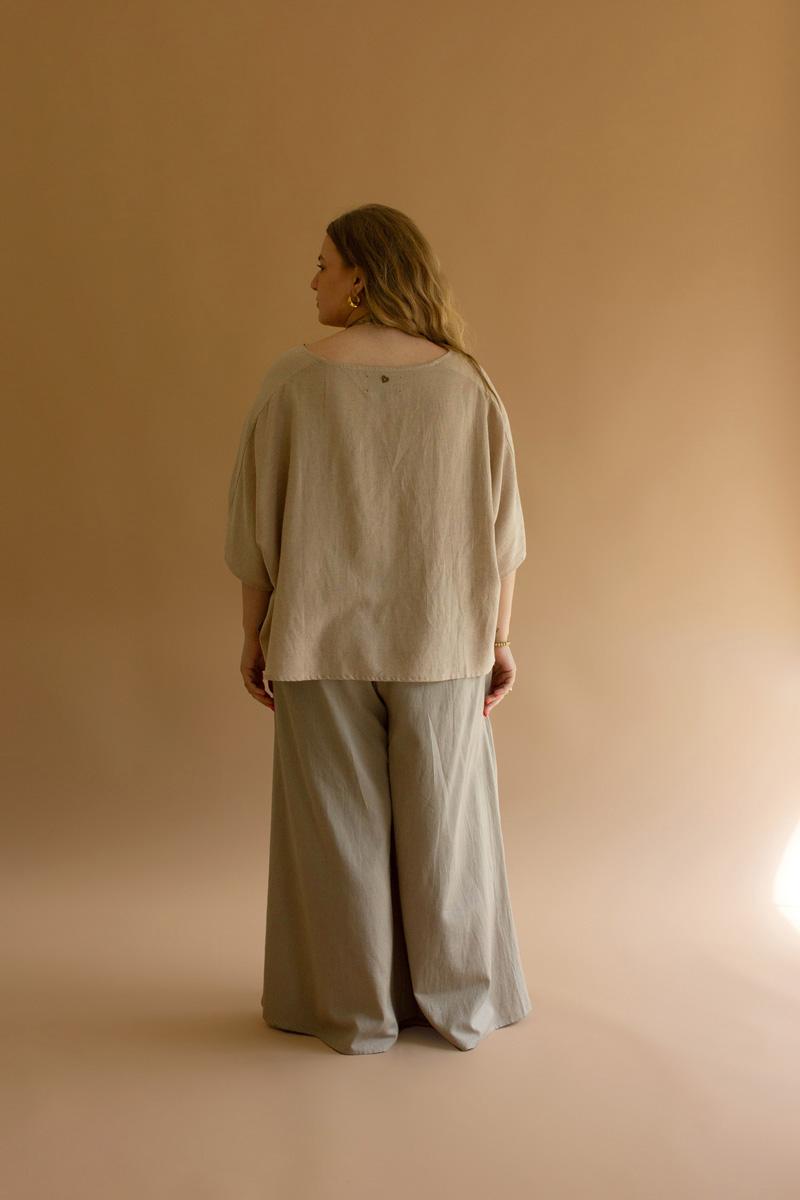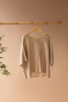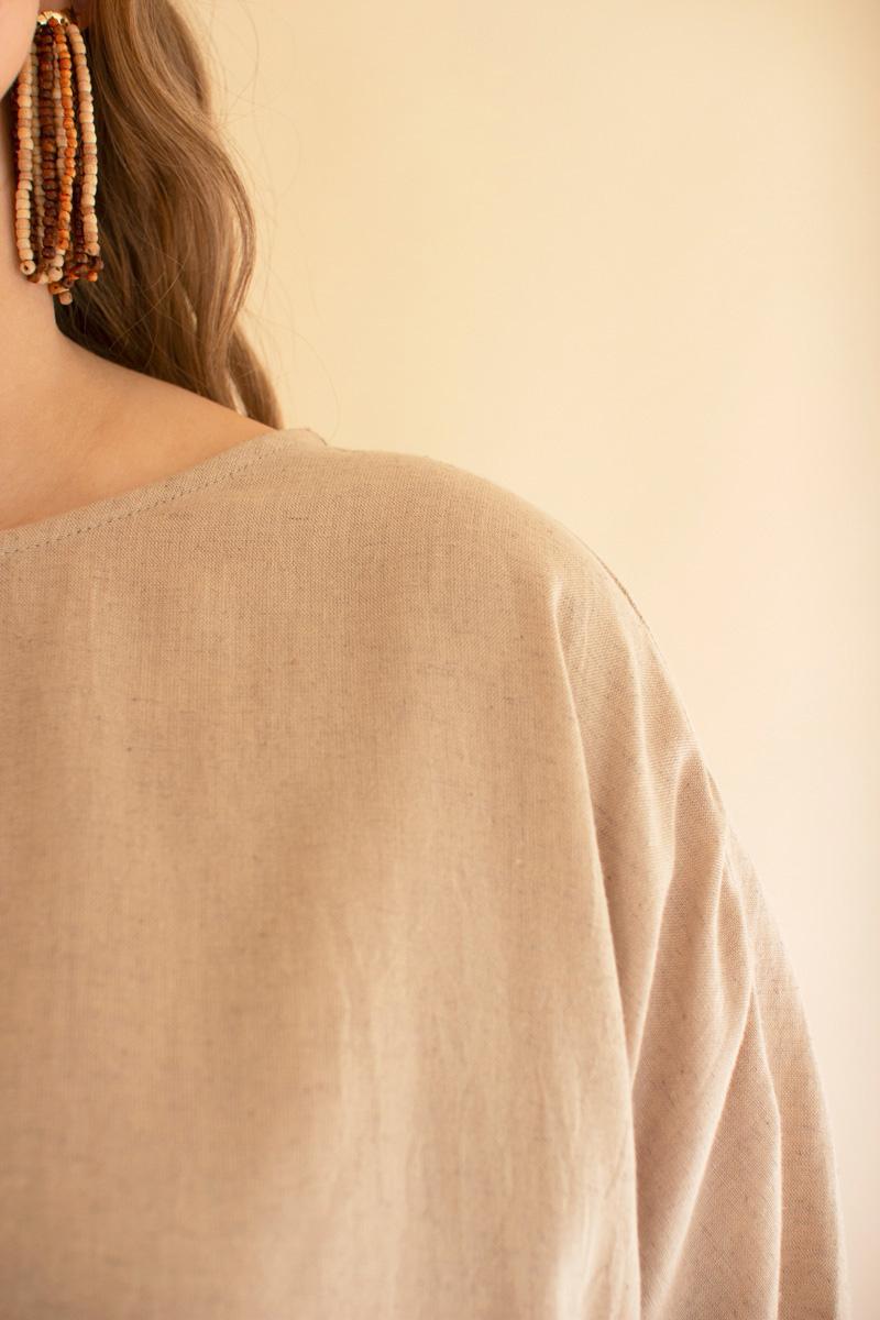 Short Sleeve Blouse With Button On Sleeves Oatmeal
==
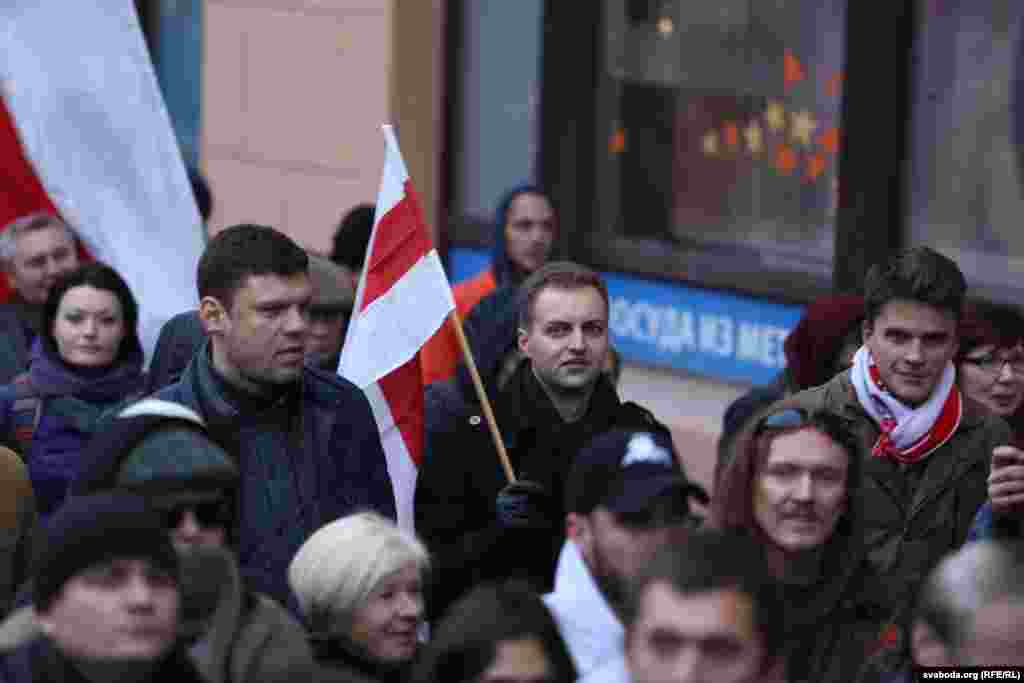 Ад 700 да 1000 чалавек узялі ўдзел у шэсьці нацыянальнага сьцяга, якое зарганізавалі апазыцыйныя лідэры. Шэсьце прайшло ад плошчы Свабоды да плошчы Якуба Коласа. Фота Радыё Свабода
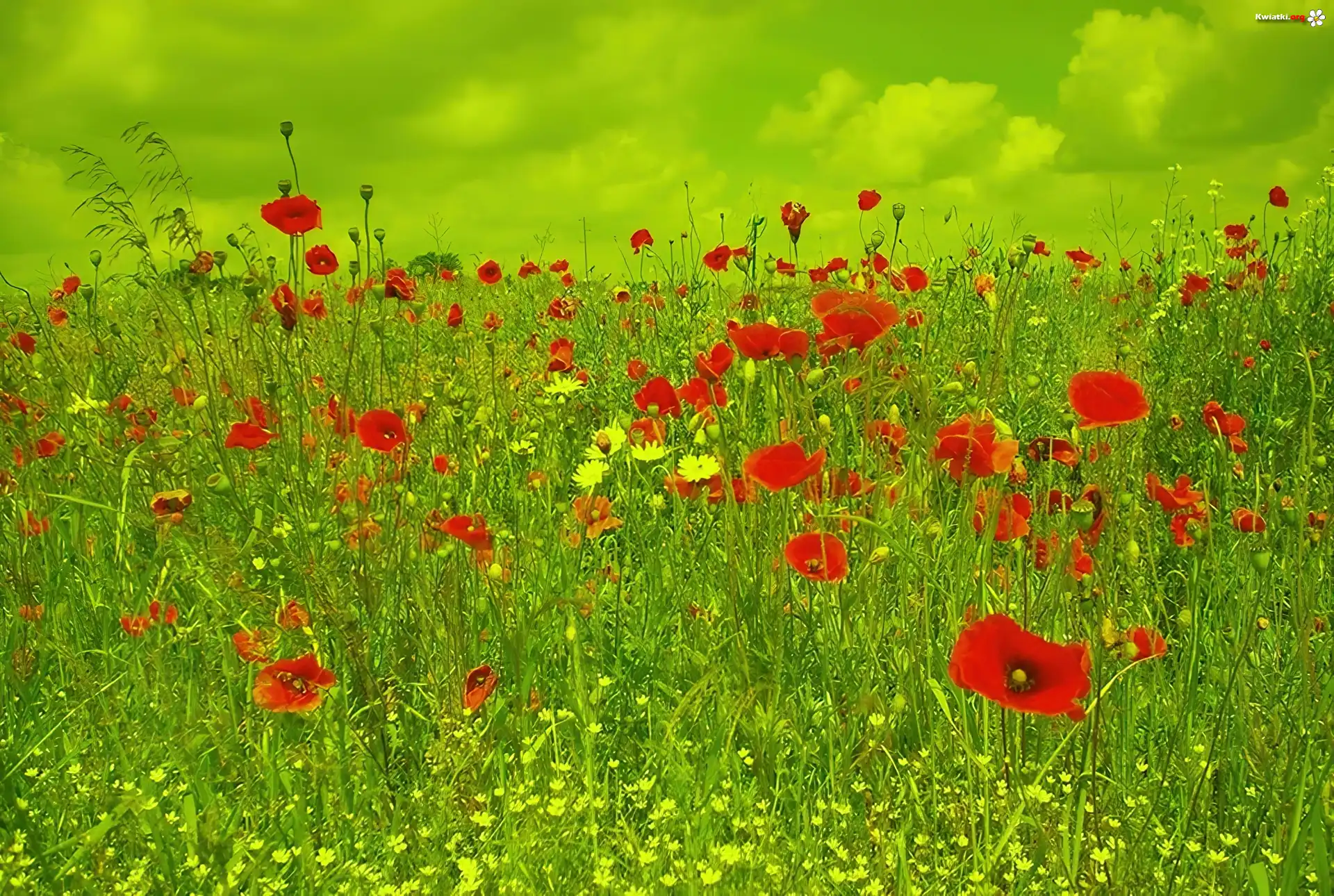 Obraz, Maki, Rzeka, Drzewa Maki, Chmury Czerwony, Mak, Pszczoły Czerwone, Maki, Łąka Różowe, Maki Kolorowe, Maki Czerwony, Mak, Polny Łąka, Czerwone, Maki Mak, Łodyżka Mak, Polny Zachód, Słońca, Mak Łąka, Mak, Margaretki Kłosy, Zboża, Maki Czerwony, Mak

Work request
Using the entries above, extract exactly the lines from the one that contains "Ад 700 да 1000" through the one that contains "Obraz, Maki, Rzeka, Drzewa". Do not carry over any pictures.

Answer space
 Ад 700 да 1000 чалавек узялі ўдзел у шэсьці нацыянальнага сьцяга, якое зарганізавалі апазыцыйныя лідэры. Шэсьце прайшло ад плошчы Свабоды да плошчы Якуба Коласа. Фота Радыё Свабода
 Obraz, Maki, Rzeka, Drzewa Maki, Chmury Czerwony, Mak, Pszczoły Czerwone, Maki, Łąka Różowe, Maki Kolorowe, Maki Czerwony, Mak, Polny Łąka, Czerwone, Maki Mak, Łodyżka Mak, Polny Zachód, Słońca, Mak Łąka, Mak, Margaretki Kłosy, Zboża, Maki Czerwony, Mak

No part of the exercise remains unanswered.